Твардовский взял его за руку, долго смотрел на него, долго думал и наконец сказал:
– Он жив!
Крик изумления был ответом Твардовскому. Потом начали кричать, спорить, одни сердились, другие смеялись. Пользуясь общим смятением, Твардовский приказал вынуть тело из гроба и перенести его в спальню. Там он пустил воеводе кровь – и кровь брызнула широкою струею. Потом он отер ему чем‑то лоб и нос, открыл его веки и влил в горло каких‑то капель.
Тогда, к великому изумлению всех присутствовавших, начали обнаруживаться в воеводе все признаки жизни. Сначала заметили легкое движение в груди, потом оживились глаза, зашевелились уста, забилось сердце. Пораженные ужасом, все присутствующие разбежались. В замке поднялась страшная тревога. Одни уезжали, другие приезжали; гнали гробовщиков и могильщиков, спроваживали недовольных ксендзов… Твардовский не допускал никого к воеводе, приказал положить его в теплую постель и принялся усердно лечить.

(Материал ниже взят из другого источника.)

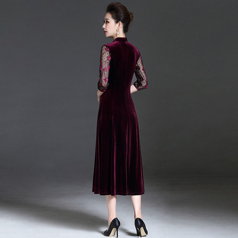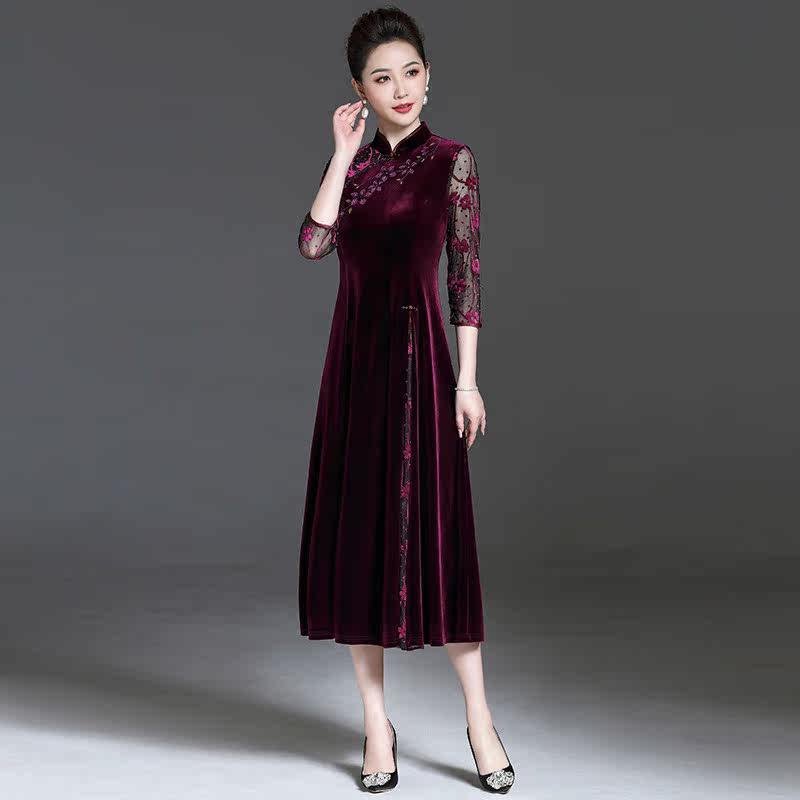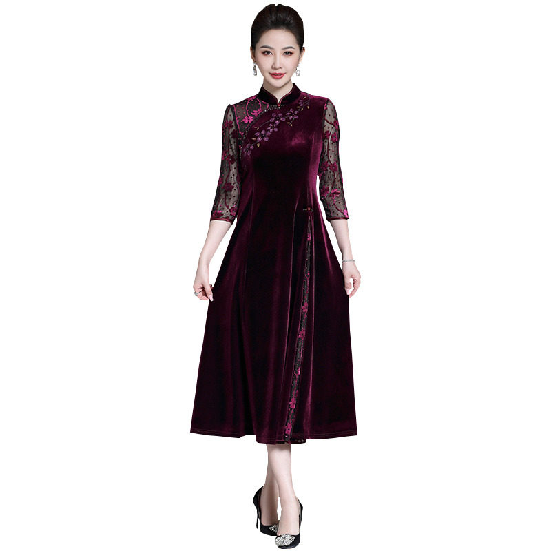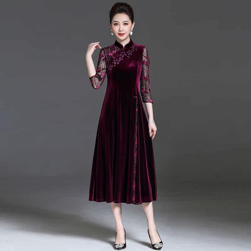 Wedding mother dress noble cheongsam autumn dress 2022 new Xi mother-in-law wedding dress foreign style improved dress

Через три дня воевода был совершенно здоров, а перед Твардовским лежала киса с тремя тысячами флоринов. Никто так не был рад выздоровлению воеводы, как племянник его. Он не знал, как благодарить Твардовского, целовал его руки, плакал…
Среди общей радости один Твардовский был задумчив и скучен. Простившись с воеводою, он сел в свою коляску, за которою вели в поводах двух прекрасных жеребцов – подарок хозяина и его племянника. Твардовский часто оглядывался на замок, вздыхал и морщил брови… Его, очевидно, что‑то занимало.

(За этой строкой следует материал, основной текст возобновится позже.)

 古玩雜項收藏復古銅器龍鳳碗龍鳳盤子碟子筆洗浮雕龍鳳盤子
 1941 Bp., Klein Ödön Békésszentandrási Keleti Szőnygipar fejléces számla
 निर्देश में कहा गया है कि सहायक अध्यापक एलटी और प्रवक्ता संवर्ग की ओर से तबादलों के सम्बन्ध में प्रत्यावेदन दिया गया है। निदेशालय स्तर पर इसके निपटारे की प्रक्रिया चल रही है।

На другой день, по приезде в замок воеводы, Твардовский, мучимый бессонницею, вышел вечером в сад подышать свежим воздухом. В саду встретил он двух женщин, одну молодую, другую старую. При взгляде на девицу, Твардовский остолбенел от изумления. Ему показалось, что где‑то он видел ее, но где и когда – этого припомнить он не мог, несмотря на все усилия памяти. Прелестные черты лица девушки показались ему знакомыми… То были черты его идеала, существа, которое создало его воображение, о котором он думал беспрестанно, которого искал везде. В этих чертах было столько знакомого Твардовскому, столько таинственного… столько давно ожидаемого. То не была обыкновенная мещанская красота, которая так же скоро расцветает, как и увядает, прекрасные черты ее лица не служили вывеской, как нередко случается, испорченного, черствого сердца; напротив, красота ее была в самой лучшей поре, в полной силе, с оттенком какого‑то превосходства и гордости. Открытый превосходно очерченный лоб, черные огненные глаза, маленький рот, окаймленный прелестными розовыми губками. В походке и движениях ее проявлялись благородство и грация, какими всегда отличаются люди высшего круга и хорошо воспитанные.
Твардовский не мог объяснить себе, отчего после такого множества женщин, которых он видел, ни одна не произвела на него столь сильного впечатления, как эта неизвестная ему красавица. Что же касается до нее, то едва ли она приметила смущение Твардовского; она взглянула на него как бы случайно, мимоходом.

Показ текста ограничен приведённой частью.